In this post, we will see the book The Ruler In Geometrical Constructions by A. S. Smogorzhevskii. This book is Volume 5 of the Popular Lectures In Mathematics series.

About the book

The study of the constructive power of a ruler and compasses, that is of the set of problems soluble by means of these classical tools of geometric constructions (both together or each separately), was carried out fully only in the 19th century. Until then some mathematicians regarded the ruler and compasses as universal instruments, which, if used together, were capable of solving any construction problem. This point of view played a negative role in the history of geometry. It prompted a premeditated attempt to regard each problem on construction as soluble by means of a ruler and compasses and led to the misuse of enormous effort on the futile search for non-existing solutions; this happened, for instance, with problems on squaring the circle, trisecting an angle, duplication of the cube.
The investigation of constructions carried out by means of a ruler alone was given a stimulus by the development of the theory of perspective and by the necessity of performing constructions over large portions of the earth’s surface, where the application of compasses with a large opening is technically impossible, while the construction of straight lines is easily achieved by the use of surveying instruments. In the present book the most typical construction problems, soluble by means of ruler alone, are considered.

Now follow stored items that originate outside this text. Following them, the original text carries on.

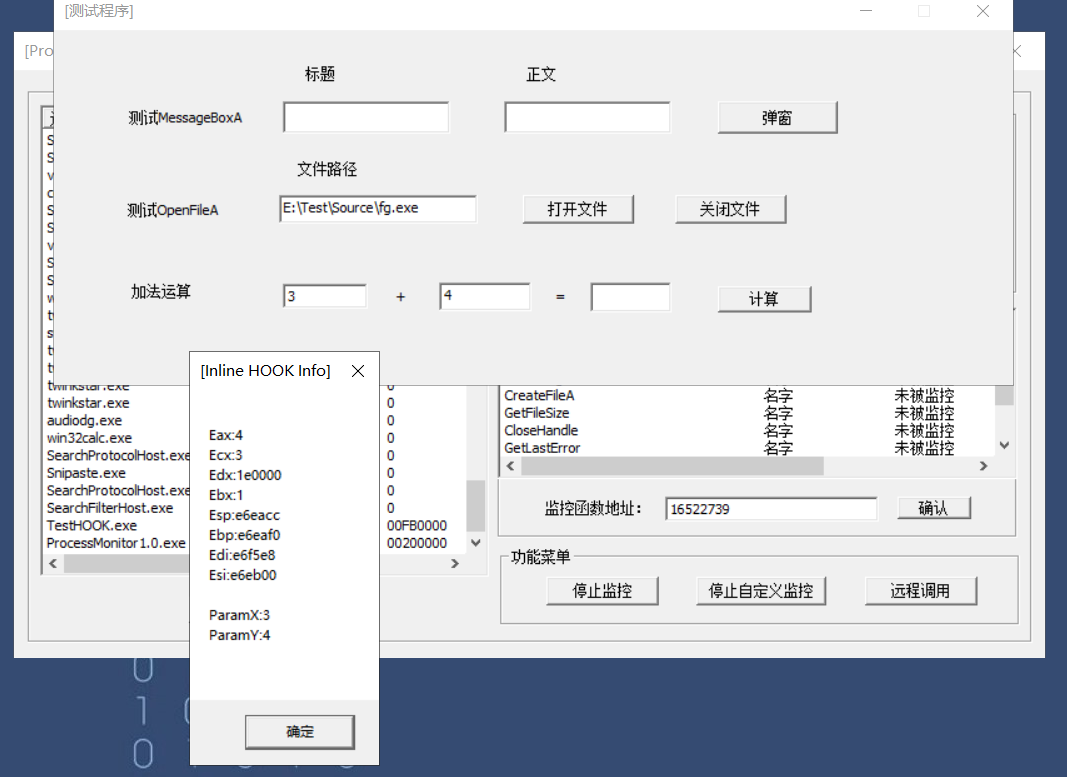 32位进程函数监控 开发环境: Win10 VisualStudio 2019 多字节集编码 x86 介绍: 选择进程后,隐藏模块注入DLL,控制端利用命名管道与注入的DLL进行通信,使用IAT HOOK监控导入表中存在的API的调用情况。对于导入表中不存在的函数,可以手动输入函数地址进行Inline HOOK,实现自定义监控。还可以对被注入进程中的函数进行远程调用。 用到知识: 1.隐藏模块注入(修复IAT表、修复重定位表) 2.进程通信 3.IAT HOOK和Inline HOOK 演示: 隐藏模块注入: IAT HOOK实现监控: Inline HOOK实现自定义监控: 远程调用:
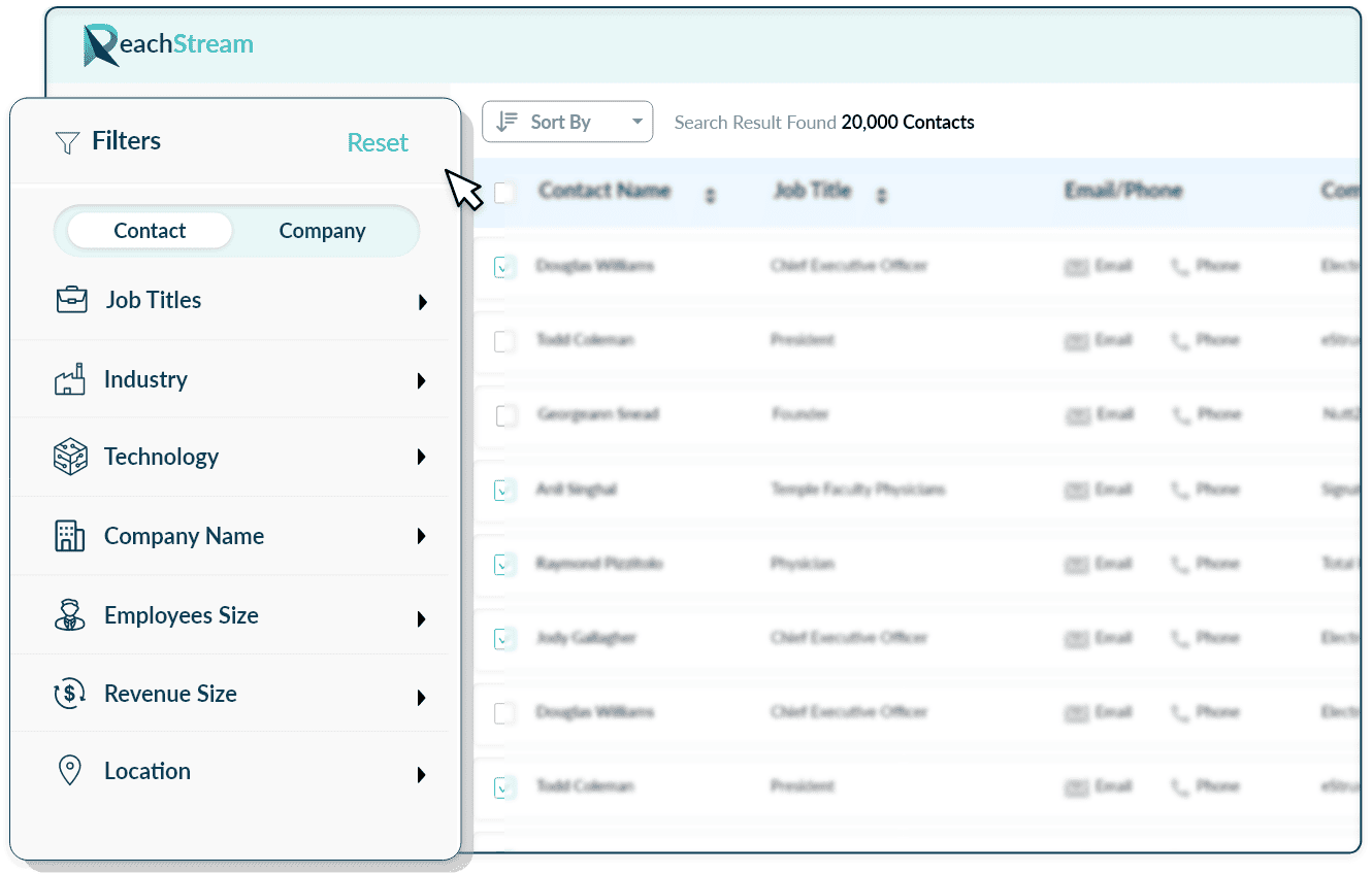 Sign in to ReachStream. Select your search criteria using the contact and company filters on the left filter panel.
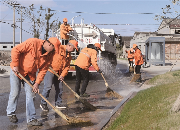 图为养护工人正在清扫奉钱线白杜段隔离带。

The cases when the effectiveness of the use of the ruler is enhanced by the use of a previously drawn definite auxiliary figure in the plane of construction (for example two parallel straight lines or two intersecting circles) are worthy of attention. Many of these cases are also considered by us. In our presentation, we shall keep to the methods of synthetic geometry, i.e. we avoid the application of methods characteristic of arithmetic and algebra. We only permitted some minor deviations from this principle in some of the initial sections, motivated by the desire to simplify the presentation.
We should observe that the proofs of theorems and solutions of problems based on the application of methods of synthetic geometry are often distinguished by great elegance and originality; we hope that the reader will find in this book many examples confirming these words.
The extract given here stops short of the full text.